Based on DebtG, the government can establish a department as the third-party platform mentioned in this paper, and then the platform can solve the debt clearing problem as much as possible using the algorithms proposed in this paper. On the one hand, the profit analysis proves that this platform can be profitable, which will be a potential emerging industry. On the other hand, the settlement of a large number of debts is conducive to the healthy, rapid, and sustainable development of the economy.

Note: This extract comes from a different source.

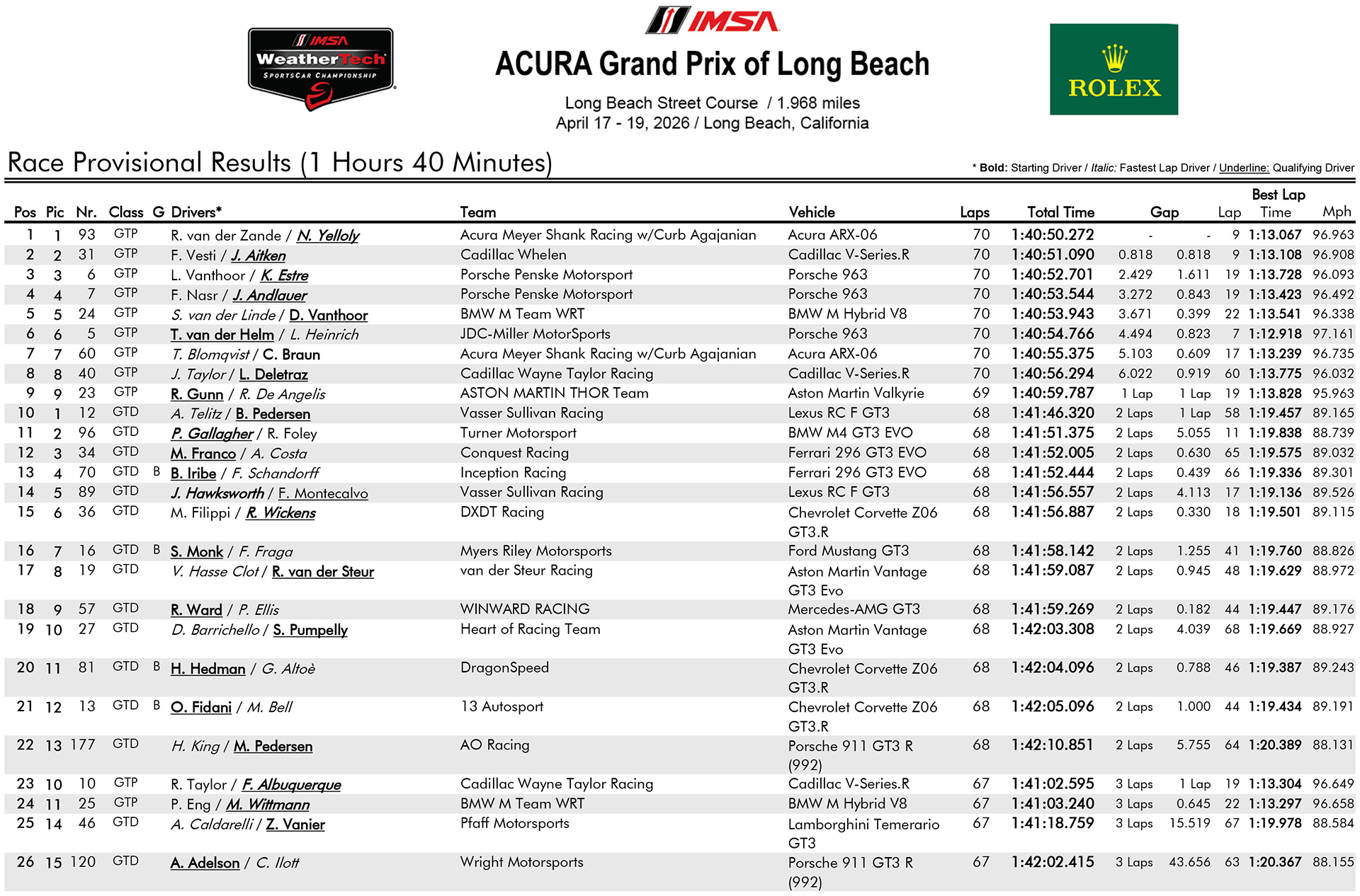 IMSA Αποτελέσματα αγώνα Long Beach 2026

The proposed algorithms were applied by YouRong Information Technology Co., Ltd., located in Qingdao, China. Based on tens of thousands of debt information collected from more than 1000 enterprises, YouRong solved more than 2000 debts of them, with a total amount of debt of more than CNY 100 million and a profit of more than CNY 1 million.

However, there are still many problems that need to be addressed in the future:

• The sorting criterion of entities (also the vertices of DebtG). Each entity wants to clear its debts first, but the debt structures are conflicting, as shown in the case analysis, so priority should be decided to guide the detection of debt structures;
• Privacy-preserving strategies during debt data collection. Debt is entities’ privacy, so it is very important to provide extremely privacy-preserving strategies;
• Methods to ensure that money flow only in the debt structure. The money provided by the third-party platform and/or tree root or path head aims to clear a series of debts of a debt structure, so it is very important to ensure that this money only flows between neighboring entities (also the vertices of DebtG) in a given debt structure;
• Algorithms to deal with large-scale graphs. Obviously, the more debt information is collected, the larger the DebtG is constructed, and the more debt are cleared. The large-scale graph needs effective distributed algorithms running on distributed systems.